My mom says that I should cut her blanket in half (because of course she picked the biggest blanket she had as the blankie), and I think after the doctor's office incident I just might do it.  That way she can take the one piece in, and I can give her the other piece in the car while I stash the contaminated portion to wash later.

I also wanted to let you all know that I have adjusted my photo blog concept a bit.  I found out that Blogger apparently has a limit on the number of readers you can have for a private blog - bleh! So I made my photo blog public, but just hid it to search engines.  I don't want to link directly to the blog from here, so I'll still have you fill out a request form if you want access, and then I'll send you the link (see the button on the right for the request form)!  I'm hoping this will make it a little easier for you all to follow as well. If you already requested to follow it, I sent you an e-mail, so check your inbox or e-mail me again!

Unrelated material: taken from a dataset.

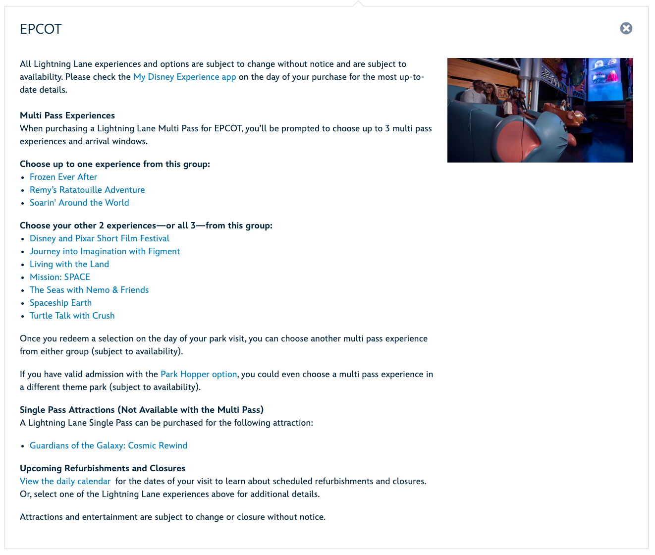 And over at Animal Kingdom, there will be no tiers at all — meaning you’re free to choose any of the attractions available with Lightning Lane Multi-Pass as part of your 3 selections. Avatar Flight of Passage will still be available via Lightning Lane Single Pass (A.K.A. Individual Lightning Lane).
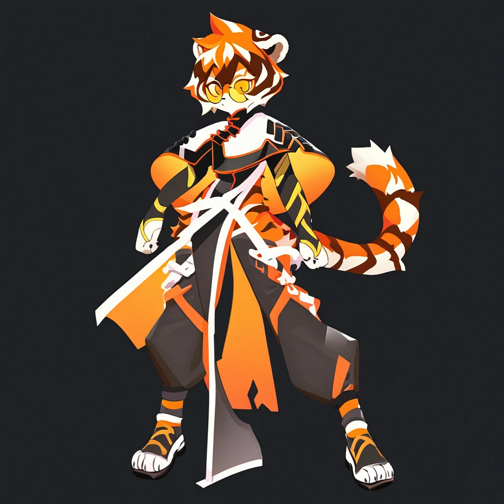 Optional: furry female, tiger ears, orange hair, tiger girl, short hair, multicolored fur, tiger tail, orange-tinted eyewear, pelvic curtain, pants, white capelet

(Clyde, looking adorable at the park last Saturday.  This was before The Cold hit.  Also, I'm in love with his hat.)


Oh, and we'll probably go to the zoo on Friday with my mom and sister - I'm glad I finally have a day nailed down, because Wyatt has been bugging me for weeks to go back to the zoo.  He keeps talking about the "elephants", and "giraffes", and "peacocks" (imagine the ends of each of those words going up, as in a sing-song voice).  Usually the conversation goes something like this:

Wyatt: "We're going to go to the zoo!"

Me: *laugh* "You want to go to the zoo?"

Wyatt: "Um, okay, sure."

Me (realizing my mistake): "Oh, we can't go to the zoo today, honey."

Wyatt: *silence with a horrified look* or *whimpering that evolves into crying*

Me (in an effort to avert an incident): "We'll go to the zoo soon though, okay?  We'll go soon."

Wyatt: "Yay, we'll go to the zoo soon!"

My friends, "soon" has finally come.  I had to push off "soon" too many times.  Any more promises of "soon" and the first "soon" will turn into a lie.  I already feel guilty about it, so it's this Friday for sure!  I think The Cold should have left us by then.

What have you all been up to this week?